Exercise data:
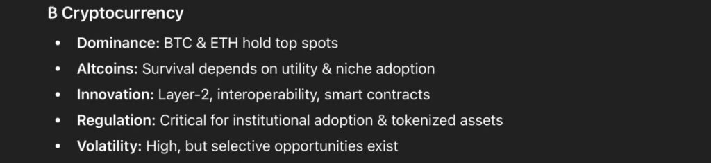 Overall, ChatGPT investment predictions for 2026 point to a market driven by fundamentals and innovation. The AI expects a “bullish but selective” environment, where diversification, earnings quality, and long-term planning matter more than broad risk-on positioning, although volatility risk remains, especially in crypto.
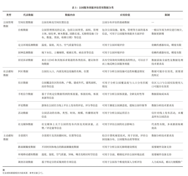 为了尽可能全面涵盖公园服务效能感知数据,本文对目前常用的评估数据进行了分类。多源数据的引入和组合使用可为公园服务效能挖掘提供充分支持。
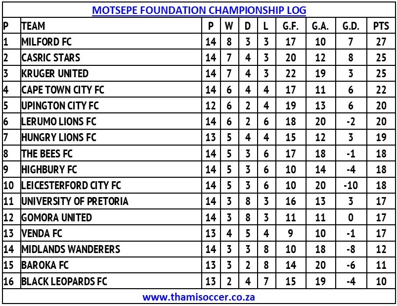 Motsepe Foundation Championship Log 6 December 2025 Posted on 2025-12-062025-12-07 By Thami Mshengu No Comments on Motsepe Foundation Championship Log 6 December 2025 (Visited 27 times, 1 visits today)Share this:TwitterWhatsAppPrintTumblrLinkedInFacebookTelegramRedditPocket Related Motsepe Foundation Championship Tags:Milford FC
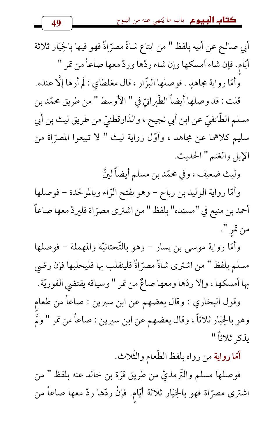 أبي صالح عن أبيه بلفظ " من ابتاع شاةً مصرّاةً فهو فيها بالخِيَار ثلاثة أيّامٍ. فإن شاء أمسكها وإن شاء ردّها وردّ معها صاعاً من تمر "

Aim of the exercise:
Copy each line above precisely, dropping the pictures.

Output for this task:
 Overall, ChatGPT investment predictions for 2026 point to a market driven by fundamentals and innovation. The AI expects a “bullish but selective” environment, where diversification, earnings quality, and long-term planning matter more than broad risk-on positioning, although volatility risk remains, especially in crypto.
 为了尽可能全面涵盖公园服务效能感知数据,本文对目前常用的评估数据进行了分类。多源数据的引入和组合使用可为公园服务效能挖掘提供充分支持。
 Motsepe Foundation Championship Log 6 December 2025 Posted on 2025-12-062025-12-07 By Thami Mshengu No Comments on Motsepe Foundation Championship Log 6 December 2025 (Visited 27 times, 1 visits today)Share this:TwitterWhatsAppPrintTumblrLinkedInFacebookTelegramRedditPocket Related Motsepe Foundation Championship Tags:Milford FC
 أبي صالح عن أبيه بلفظ " من ابتاع شاةً مصرّاةً فهو فيها بالخِيَار ثلاثة أيّامٍ. فإن شاء أمسكها وإن شاء ردّها وردّ معها صاعاً من تمر "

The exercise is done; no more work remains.